Every picture is to be removed, and all the data is to be copied exactly.
--*--
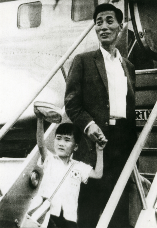 ▲ 1962년 8월 1일, 작은아버지 조남철 七단의 손을 잡고 김포공항 비행기 트랩을 올라서며 모자를 쥐고 흔들어 보이는 여섯 살 꼬마 조치훈. 이 아이는 18년 뒤 명인에 오르며 일본바둑계를 정복한다.
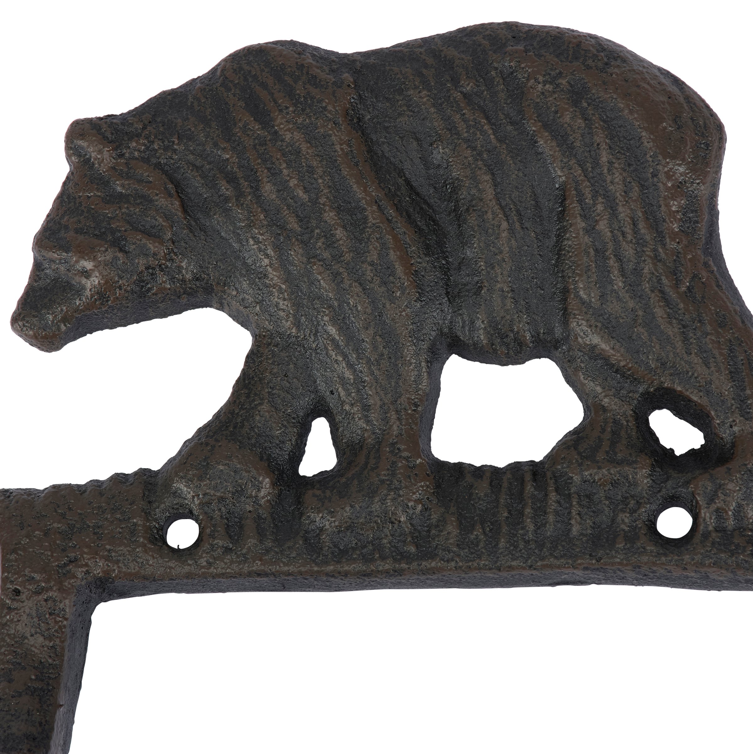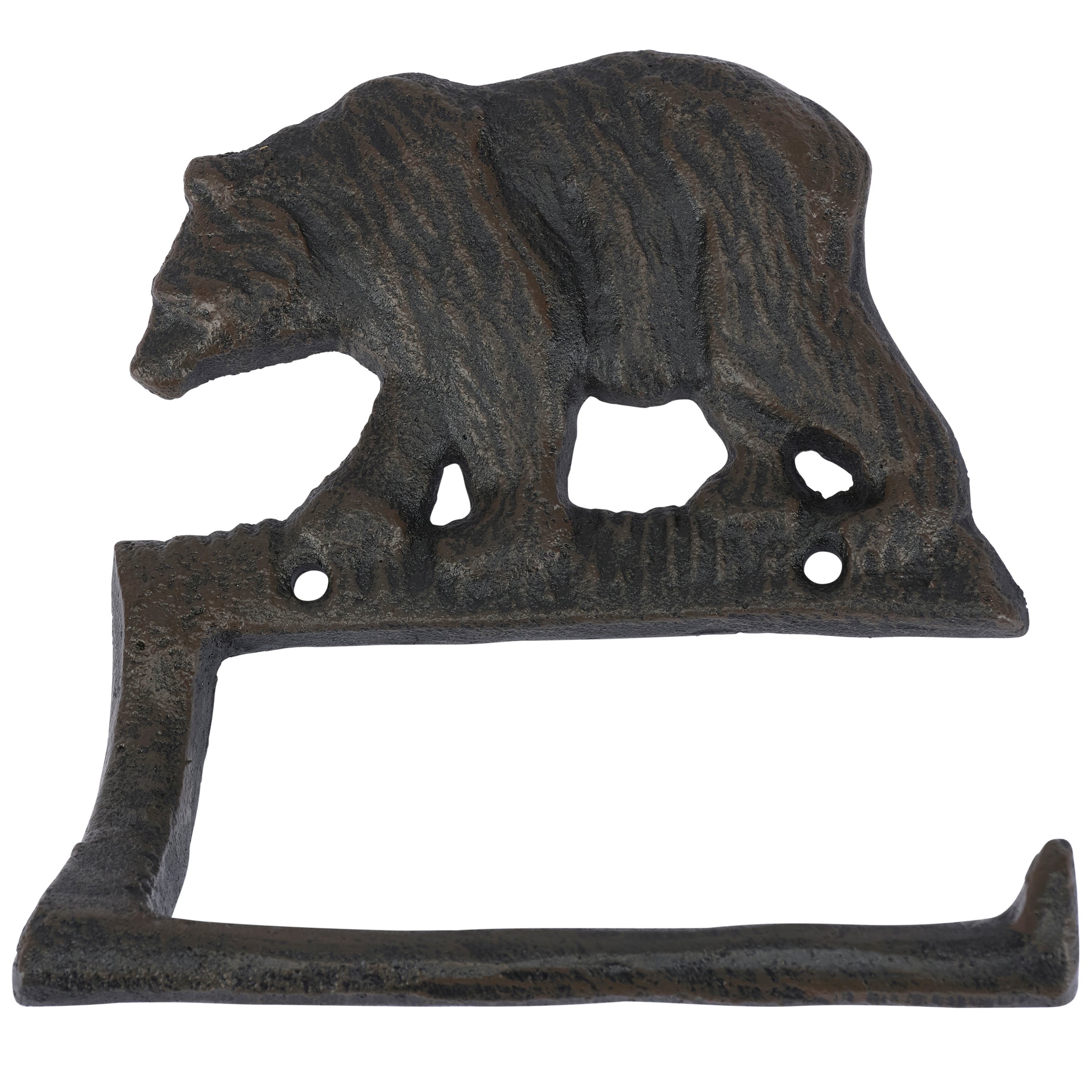 A metal toilet paper holder from our Lake & Cabin Collection displaying a rustic design inspired by cabin décor. This sturdy toilet paper holder features a sculpted black bear design with antique finish and hook to place roll. Our Black Bear toilet paper holder is easy to hang for display and use via predrilled holes. A rustic home accent that adds functional style to any bathroom.
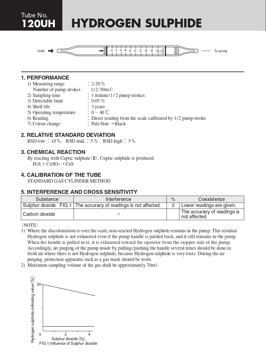 Kitagawa รหัสสินค้า No.120UH หลอดวัดความเข้มข้นของแก๊ส,Gas Detector Tube #120UH,Hydrogen Sulphide,2~20%(10/Box)
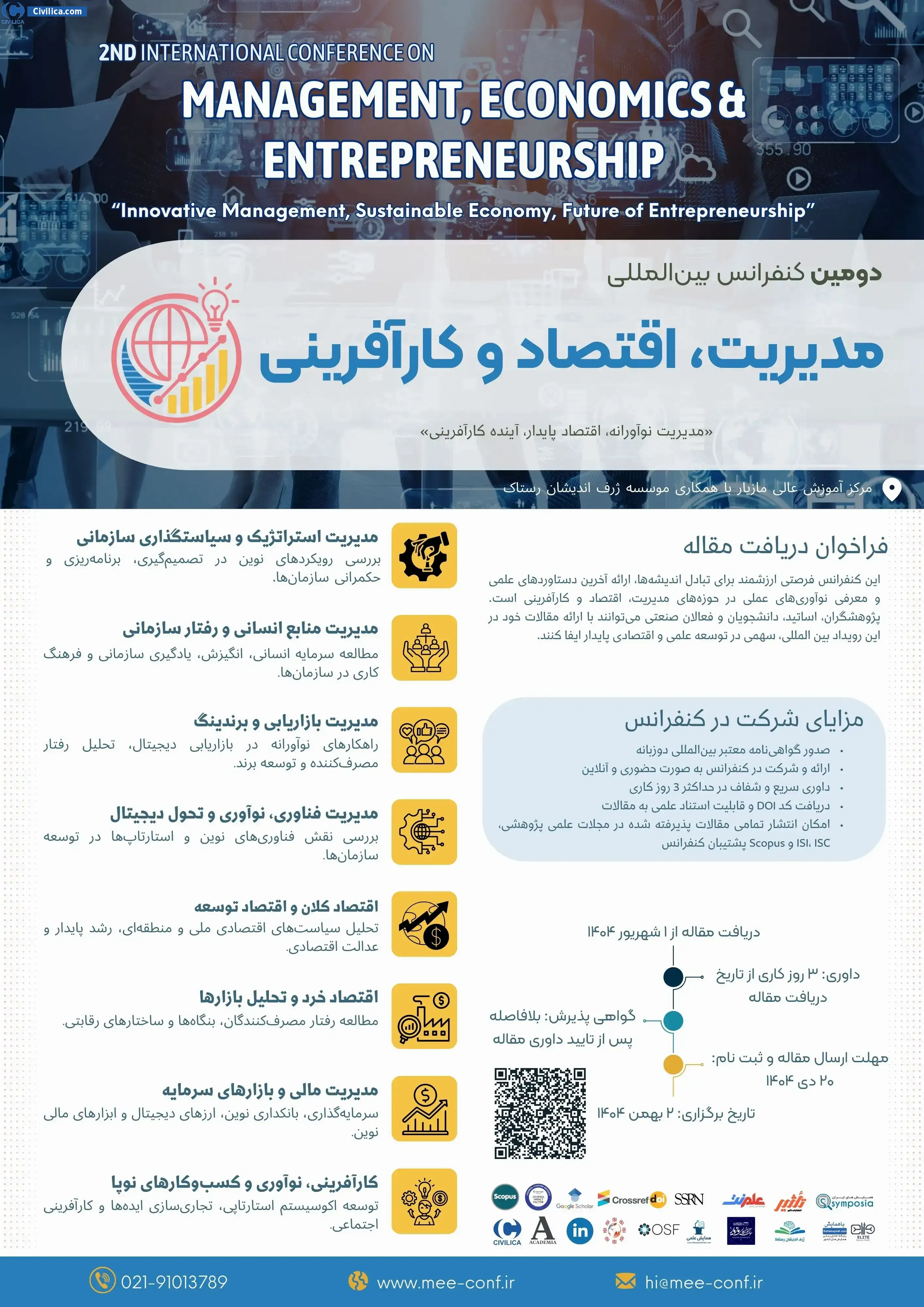 2nd International Conference on Management, Economics and Entrepreneurship In date 2026-01-22 by Maziar University,ژورف اندیشان رستاک in City Nur will be held.Since the conference held officially, all of this Conference paper and proceedings will be indexed in the Civilica database and Iranian Consortium of National Content (ICNC) and you can have full confidence.
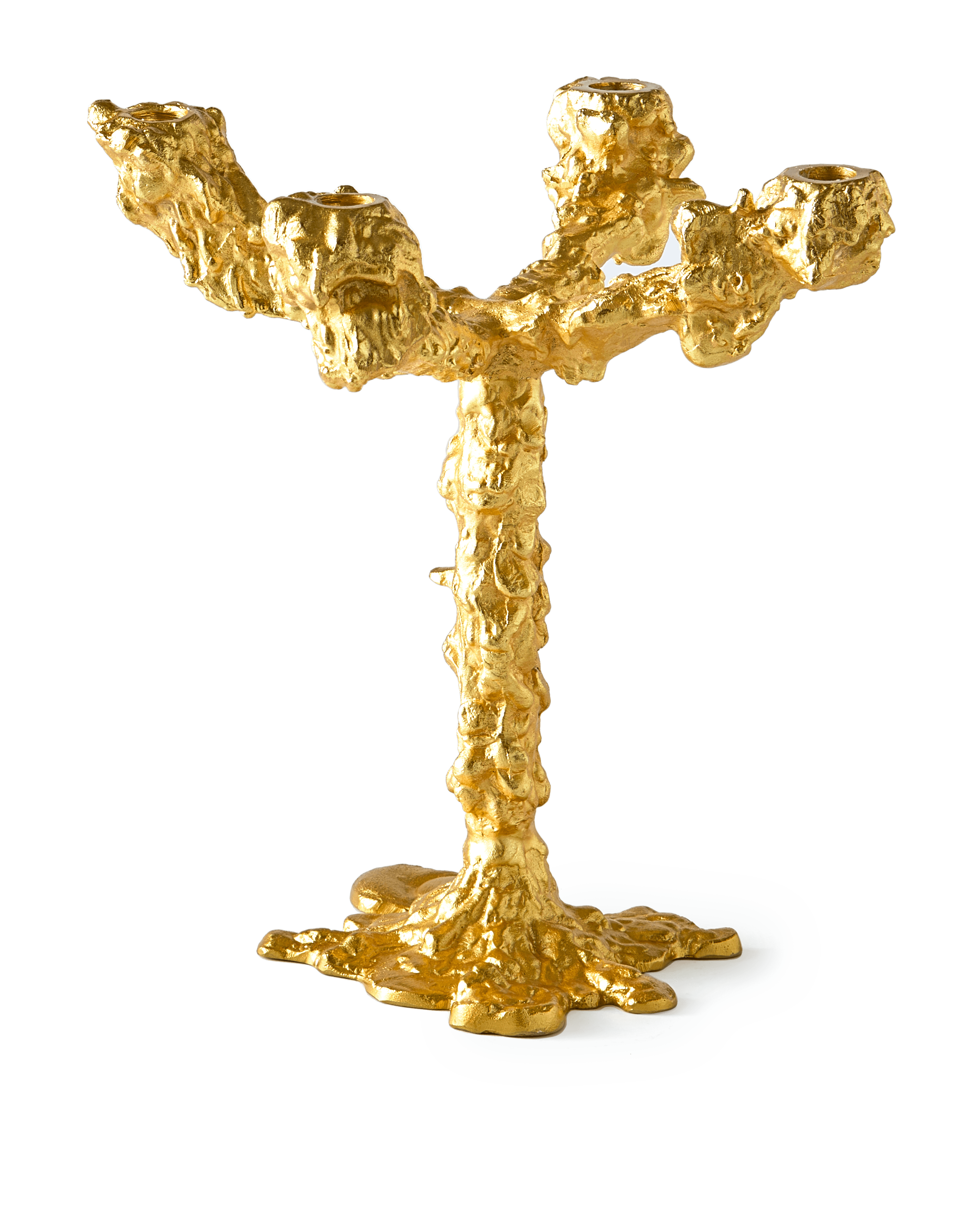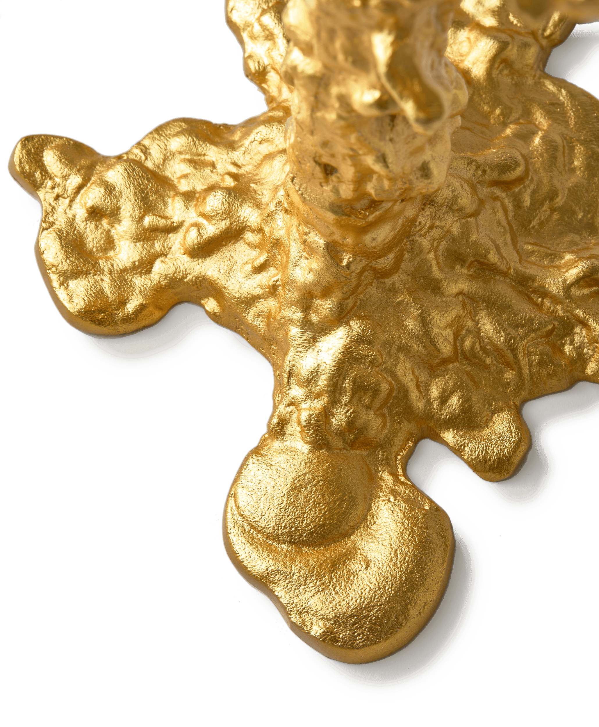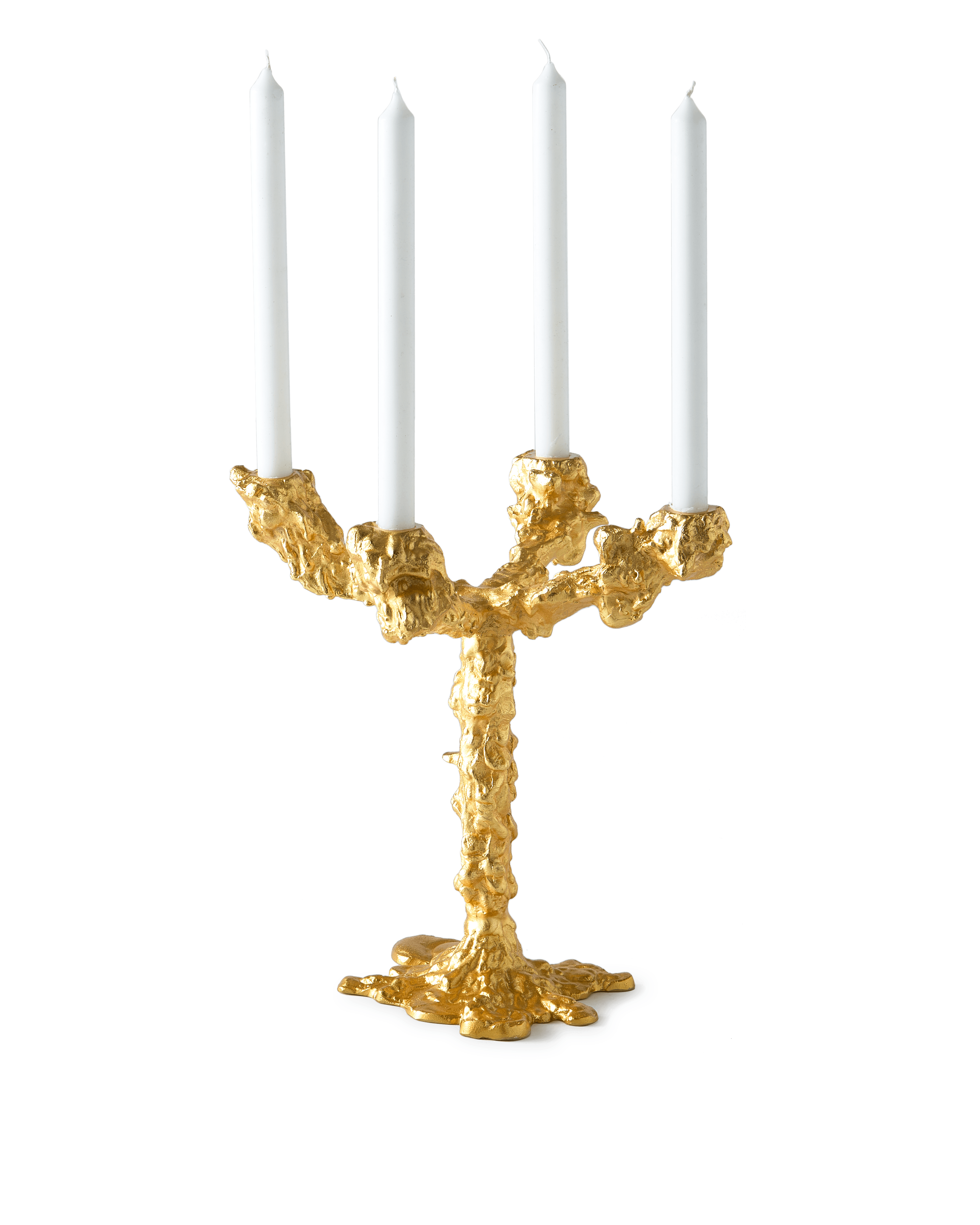 Ten świecznik błyszczy jako samodzielny element dekoracyjny na kominku i zaczarowuje, kiedy jest oświetlany na stole. Każdy zakręt i krzywizna jego powierzchni z pozłacanego aluminium jest wyjątkowy, co czyni go dziełem sztuki zaprojektowanym przez twórcę, Pascala Smelika, którego fascynuje deformacja i unikalność. Drip w sposób teatralny wyciąga swoje ramiona i wchodzi na scenę jako majestatyczny punkt kulminacyjny w Twoim wystroju.
--*--
Solved exercise:
 ▲ 1962년 8월 1일, 작은아버지 조남철 七단의 손을 잡고 김포공항 비행기 트랩을 올라서며 모자를 쥐고 흔들어 보이는 여섯 살 꼬마 조치훈. 이 아이는 18년 뒤 명인에 오르며 일본바둑계를 정복한다.
 A metal toilet paper holder from our Lake & Cabin Collection displaying a rustic design inspired by cabin décor. This sturdy toilet paper holder features a sculpted black bear design with antique finish and hook to place roll. Our Black Bear toilet paper holder is easy to hang for display and use via predrilled holes. A rustic home accent that adds functional style to any bathroom.
 Kitagawa รหัสสินค้า No.120UH หลอดวัดความเข้มข้นของแก๊ส,Gas Detector Tube #120UH,Hydrogen Sulphide,2~20%(10/Box)
 2nd International Conference on Management, Economics and Entrepreneurship In date 2026-01-22 by Maziar University,ژورف اندیشان رستاک in City Nur will be held.Since the conference held officially, all of this Conference paper and proceedings will be indexed in the Civilica database and Iranian Consortium of National Content (ICNC) and you can have full confidence.
 Ten świecznik błyszczy jako samodzielny element dekoracyjny na kominku i zaczarowuje, kiedy jest oświetlany na stole. Każdy zakręt i krzywizna jego powierzchni z pozłacanego aluminium jest wyjątkowy, co czyni go dziełem sztuki zaprojektowanym przez twórcę, Pascala Smelika, którego fascynuje deformacja i unikalność. Drip w sposób teatralny wyciąga swoje ramiona i wchodzi na scenę jako majestatyczny punkt kulminacyjny w Twoim wystroju.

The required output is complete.